Suppose my data frame is like:

   A             B           Date
[1,3,2]    ['a','b','c']     date1

I want to sort both the columns but with reference to each other. Like the output should be:

   A             B           Date
[1,2,3]    ['a','c','b']     date1

Now if these had been two lists only I would have sorted through zip method.

But as these are columns of data frame. I am not sure how to use apply method to sort these with reference to each other.
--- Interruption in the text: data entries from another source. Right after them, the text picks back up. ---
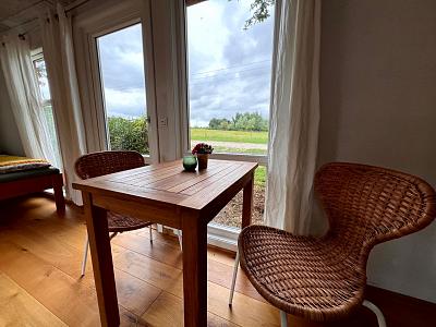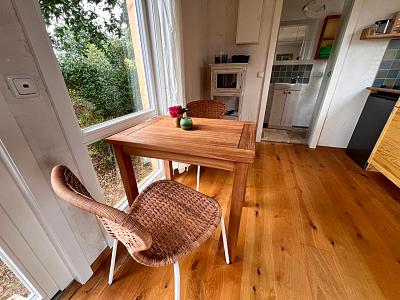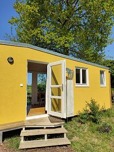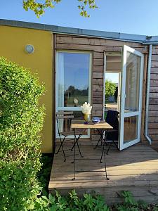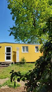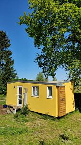 Unser Gartenhaus ist soweit wie möglich nachhaltig & ökologisch auf einer Wechselbrücke aufgebaut. Mit hochwertigen Materialien und kunstvollen Einrichtungsgegenständen schaut ihr über die kleine Terrasse auf die Pferdekoppel ins grüne.
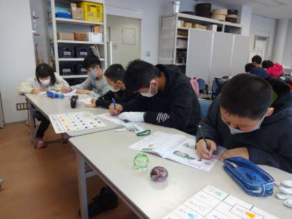 一度に全員が製作ができないので、待ち時間には控え室で学習や読書をしました。
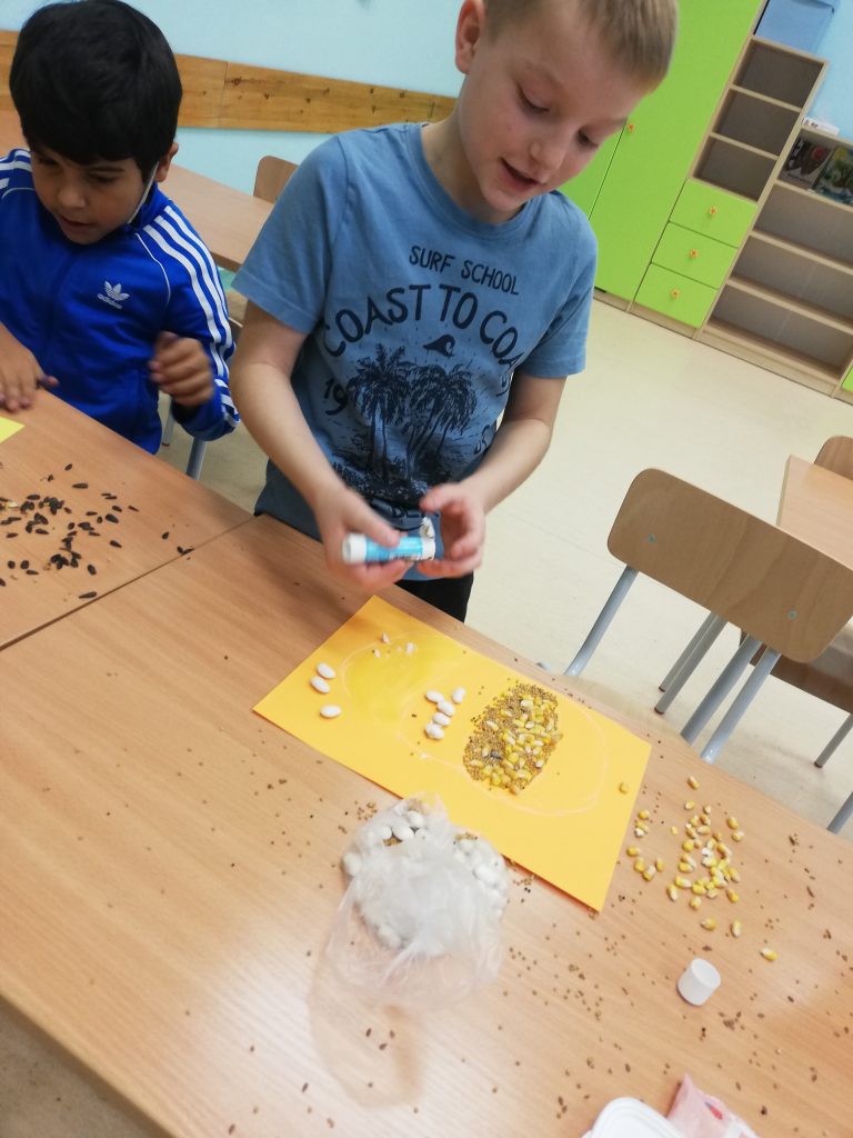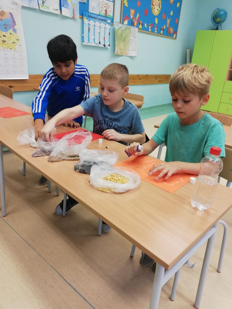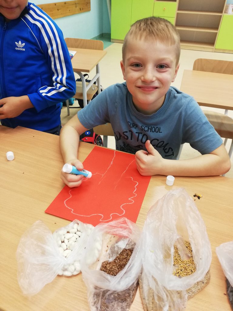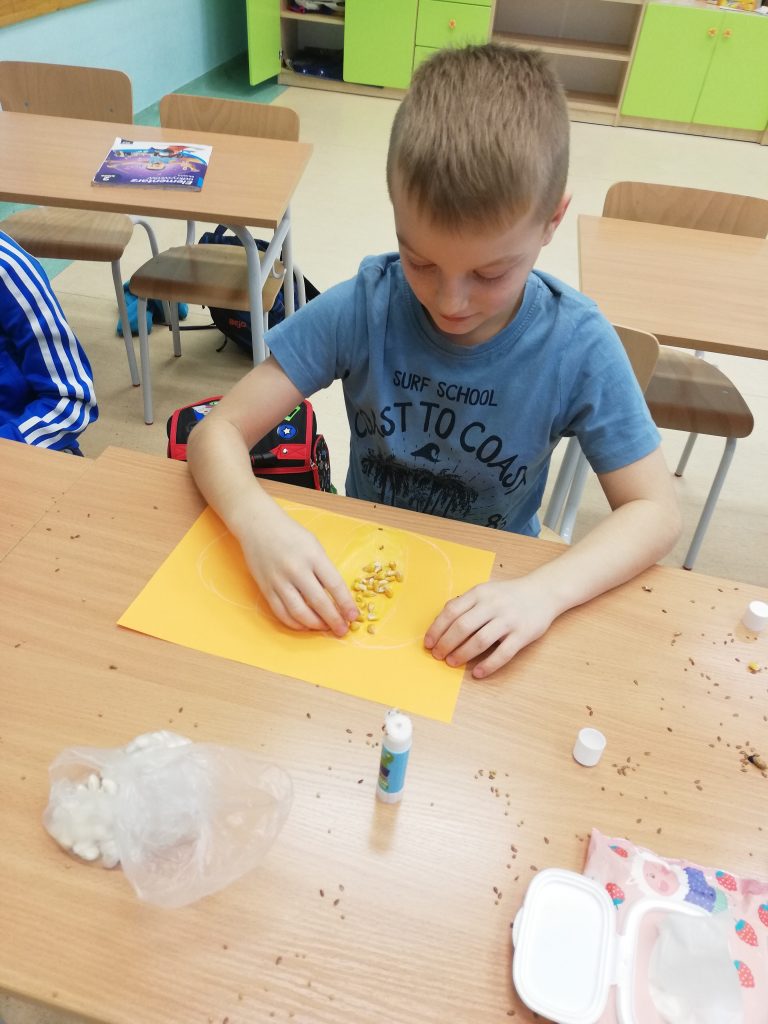Do stworzenia prac uczniowie wykorzystali fasolę, słonecznik, kukurydzę, len oraz gorczycę. Na samym początku na kolorowych kartkach dzieci narysowały szkic swoich prac. Kolejnym krokiem było wyklejenie szablonów ziarnem. Podczas zajęć pełno było wesołej atmosfery oraz uśmiechu.
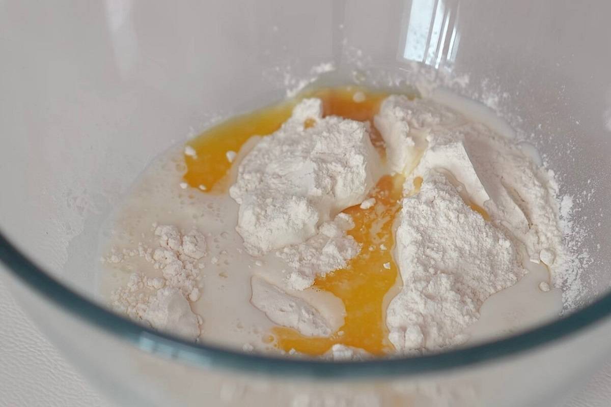 1.Na sam początek przygotuj ciasto. Do miski wlej mleko, roztopione masło, dodaj mąkę oraz sól.
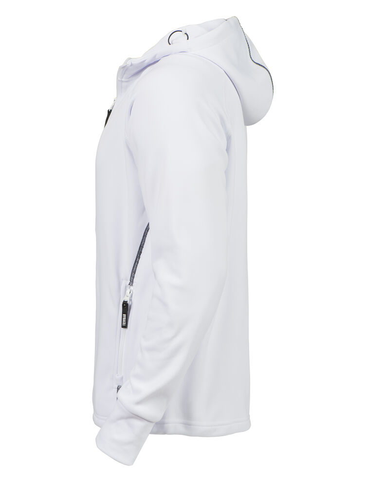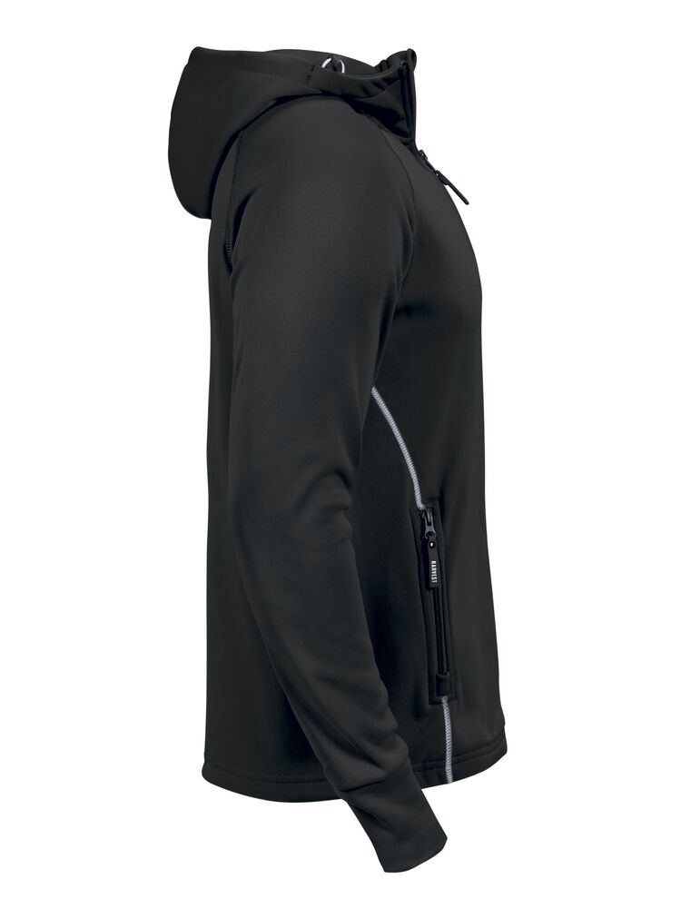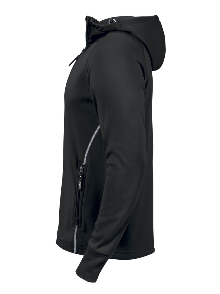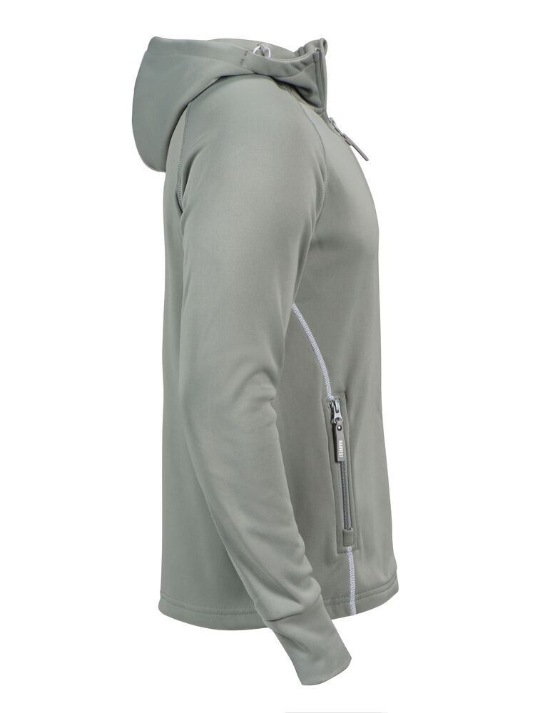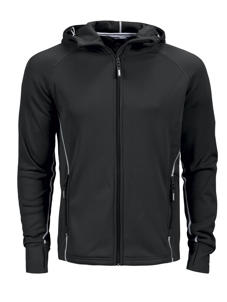 Fleecejakke med god pillingmotstand. Behagelig, moderne og sportslig design. Hette, kontrast på flatlock-søm og tommelgrep på mansjett. Elastisk snor i hette og nederkant.
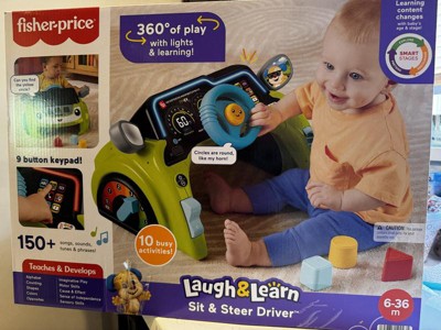 Baby can shift learning fun into high gear behind the wheel of the Laugh & Learn Sit & Steer Driver activity center from Fisher-Price. This electric car-themed play center is packed with activities all around, plus exciting lights, music and sounds, to encourage babies to crawl and explore. The realistic design includes a light-up dashboard, 9-button keypad and moveable “steering” wheel with horn that encourages toddler pretend play and activates 150+ songs, sounds and phrases. And with 3 Smart Stages levels, the learning fun grows along with your baby! Colors and decorations may vary.
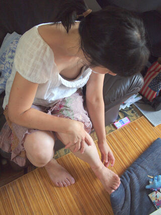 熟女の胸チラ
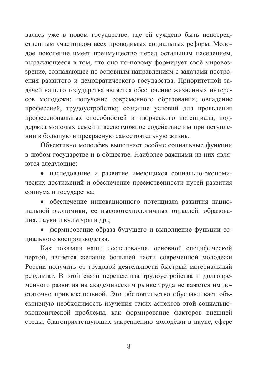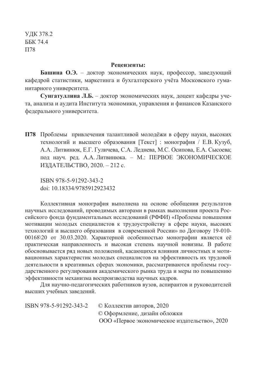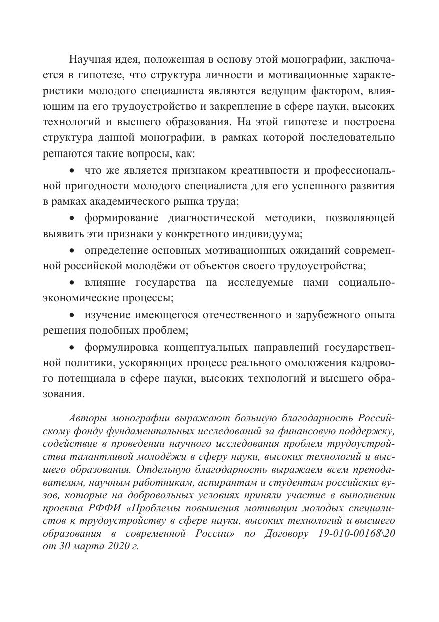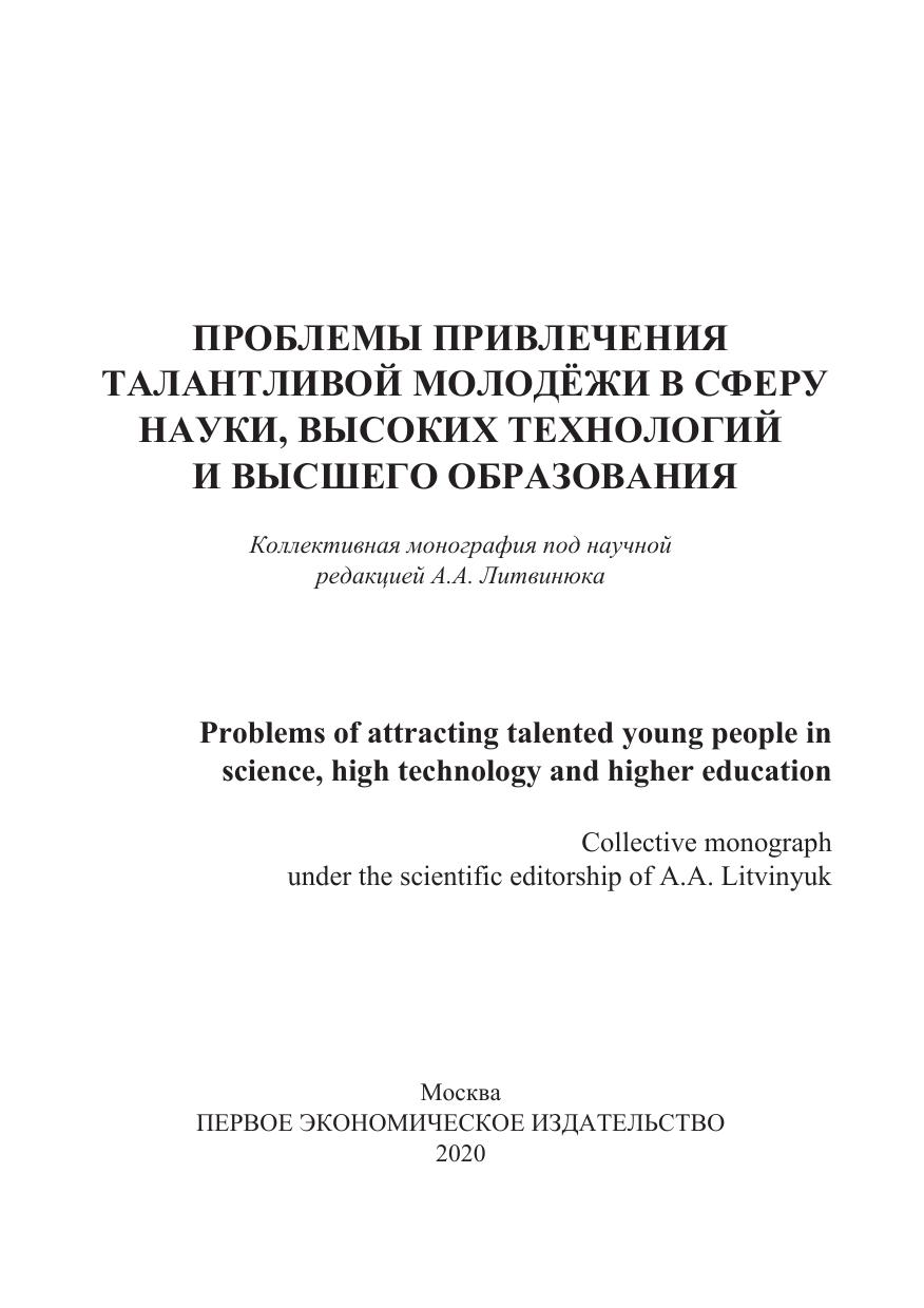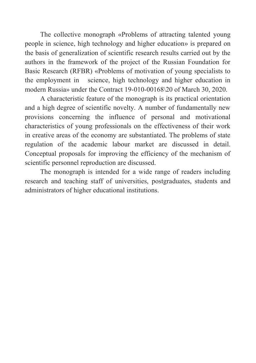 Монография «Проблемы привлечения талантливой молодёжи в сферу наук, высоких технологий и высшего образования» выполнена на основе обобщения результатов научных исследований, проводимых авторами в рамках выполнения проекта Российского фонда фундаментальных исследований (РФФИ) «Проблемы повышения мотивации молодых специалистов к трудоустройству в сфере науки, высоких технологий и высшего образования в современной России» по Договору 19-010-00168\20 от «30» марта 2020 г. Характерной особенностью монографии является её практическая направленность и высокая степень научной новизны. В работе обосновывается целый ряд принципиально новых положений, касающихся влияния личностных и мотивационных характеристик молодых специалистов на эффективность их трудовой деятельности в креативных сферах экономики, подробно рассматриваются проблемы государственного регулирования академического рынка труда, формулируются концептуальные предложения по повышению эффективности механизма воспроизводства научных кадров и др. Монография рассчитана на широкий круг читателей: научно-педагогических работников вузов, аспирантов, студентов и администраторов высших учебных заведений.
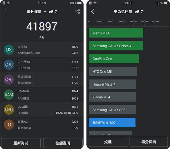 从上面安兔兔跑分来看,OPPO R7安兔兔跑分成绩为41897分,超过了4万分,从系统整体的跑分结果可以看出,整机的性能表现还是值得肯定的,40000+的成绩已经足以和上代旗舰手机相媲美。
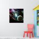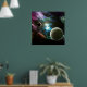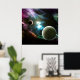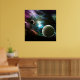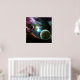 L'art spatial numérique avec une planète, une lune et une nébuleuse.
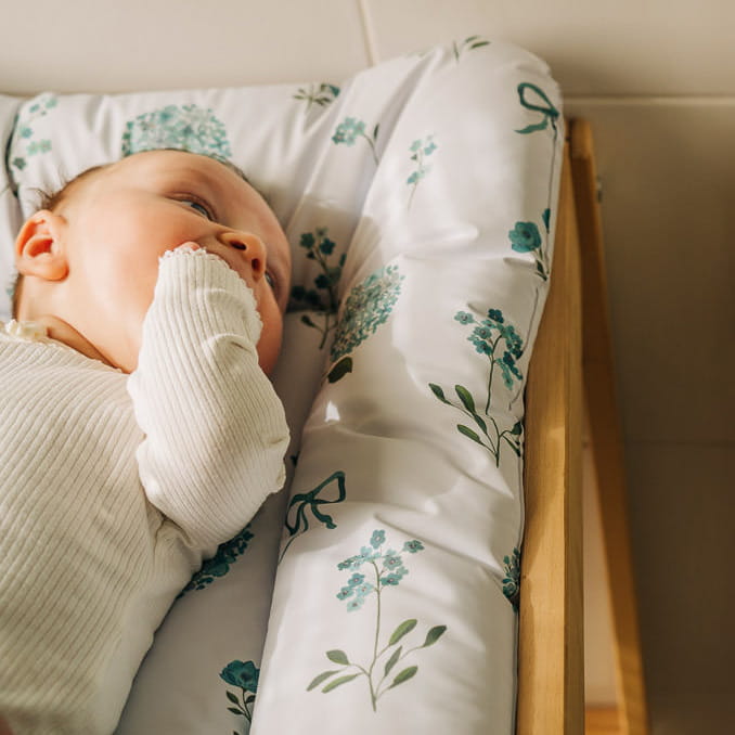 Miękki przewijak przeznaczony jest do użytkowania na twardym podłożu - specjalnej komodzie z miejscem na przewijak, drewnianym stelażu na łóżeczko lub każdej innej twardej powierzchni, na której zorganizowany jest kącik do przewijania maluszka. Ma ruchome, boczne skrzydełka, które umożliwiają dopasowanie przewijaka do różnej wielkości powierzchni. Wykonany jest z bezpiecznej dla skóry dziecka, atestowanej folii najwyższej jakości. Produkt posiada certyfikat Oeko - Tex Standard 100.

My dataframe as a whole is sorted on the basis of third column (date). Now for each such dates the other two columns have list, each having same number of values. I want to sort those lists on the basis of each other

Are lists in all rows equally sized (i..e, size 3 in this case)? — cs95, May 30 '20 at 23:14

score 2 · Accepted Answer · answered May 30 '20 at 23:21

2

If all cells have the same number of values, try this flattening and groupby approach:

df
           A          B
0  [1, 3, 2]  [a, b, c]
1  [4, 6, 5]  [d, f, e]  # added an extra row for demonstration

(df.apply(pd.Series.explode)
   .groupby(level=0)
   .apply(lambda x: x.sort_values('A'))
   .groupby(level=0)
   .agg(list))

           A          B
0  [1, 2, 3]  [a, c, b]
1  [4, 5, 6]  [d, e, f]

Obligatory disclaimer: Please don't use pandas to store lists in columns.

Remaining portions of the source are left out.